In 2012, most economists polled were against a Connecticut anti-price gouging law that would kick in during a “severe weather event emergency"

See Price Gouging. The poll was done by the Kent A. Clark Center for Global Markets, which is at the University of Chicago Booth School of Business.

"Connecticut should pass its Senate Bill 60, which states that during a “severe weather event emergency, no person within the chain of distribution of consumer goods and services shall sell or offer to sell consumer goods or services for a price that is unconscionably excessive.”"

51% disagreed or strongly disagreed. Only 8% agreed or strongly agreed. 20% did not answer. So, of those that answered, over 60% disagreed or strongly disagreed. Here is what some of them said:

David Cutler: Without defining "unconscionably," I don't know what to think about this.

Darrell Duffie: I'm unsure how the courts will define "unconscionably excessive." Efficient allocation by market prices is good, absent monopoly effects.

Aaron Edlin: statute is vague. also statute could put goods in hands of those with limited need who hoard them.

Pinelopi Goldberg: Torn about this. The term "unconscionably" seems too loose - is it a 20% or 500% markup?

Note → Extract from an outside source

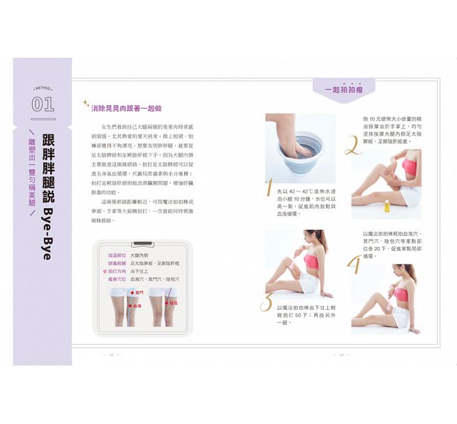 矽膠材質柔軟、彈性佳的材質結合凹凸按摩顆粒設計…這隻看似普通的棒子,其實充滿了「瘦身魔法」啊!居家放置或是隨身攜帶一隻「魔法拍拍棒」,搭配中醫師的詳解「全身1條4經絡彩圖」,每天5分鐘就能通氣血、排毒素、消水腫、解便祕、減體脂,甚至困饒已久的腰痠背痛、肩頸「頂叩叩」以及手腳冰冷問題都能「一拍而解」!想瘦胖胖腿?先浸泡熱水後,用魔法拍拍棒在大腿內側,由上往下輕拍50下,再換另一腿,擦上按摩油之後,在針對血海穴、陰包穴等重點部位(請參考書內圖)各20下~
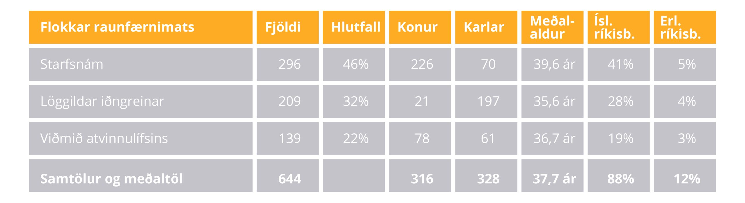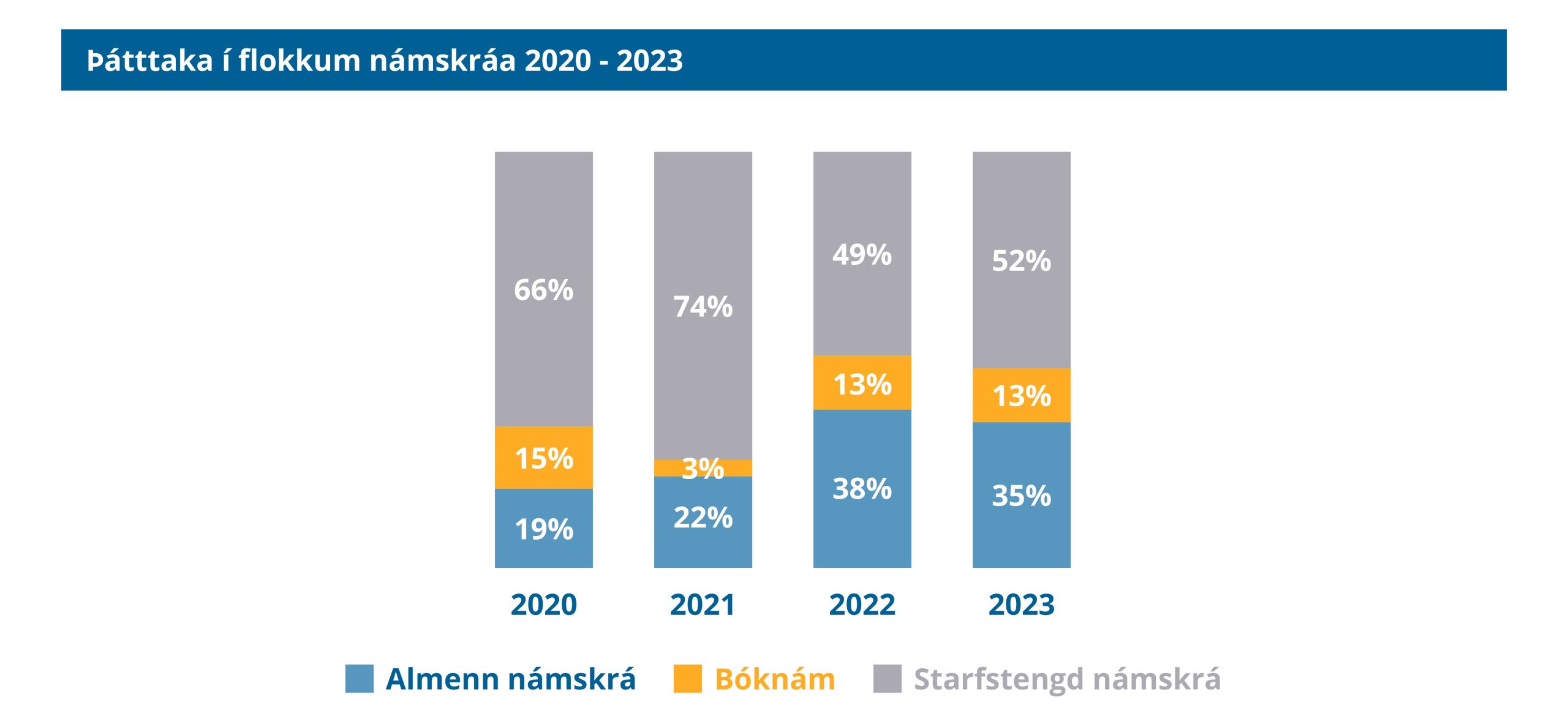 Þegar skoðað er hverskonar nám fólk sækir helst í út frá fjölda nemenda sést að starfstengt nám er algengasti flokkurinn. Eins og sjá má á töflunni hér fyrir ofan kemur í ljós að mest er sótt í starfstengt nám (í formi námskráa/námsleiða) en tiltölulega lítið í nám sem er eingöngu bóklegt.

But the goods need to be allocated somehow.

Michael Greenstone: unconscionably excessive is VERY imprecise. extreme weather can disproportionately hurt poor and this could be efficient redistribution.

Robert Hall: Goal is to allocate suddenly scarce goods optimally. Prices are only a tool, but often the right tool. Law doesn't have a good alternative.

Caroline Hoxby: I sympathize w the intention but goods must be allocated in some way & prices are better than first come or fights breaking out among people

Kenneth Judd: The vagueness of the law means more businesses will shut down, which is the same as setting price to infinity, a legal price.

Anil Kashyap: Seems like pandering, "post-storm cleanup or repair services" are included. It seems like those prices could reasonably soar after a storm.

Pete Klenow: Would presumably lead to misallocation and lower supply than optimal. There are better ways to redistribute

Edward Lazear: Inefficiency from short term monopoly that results in "gouging" is secondary to losses in efficiency from a getting items to right users.

William Nordhaus: At best, symbolic. At worst, would return to price controls of the 1970s.

Richard Schmalensee: Seeks to prevent prices from clearing markets; never a good thing. Standard is hopelessly vague so increases risk for affected businesses.

Nancy Stokey: State legislatures should focus on more important questions.

Richard Thaler: Not needed. Big firms hold prices firm. "Entrepreneurs" with trucks help meet supply. Are the latter covered? If so, bad.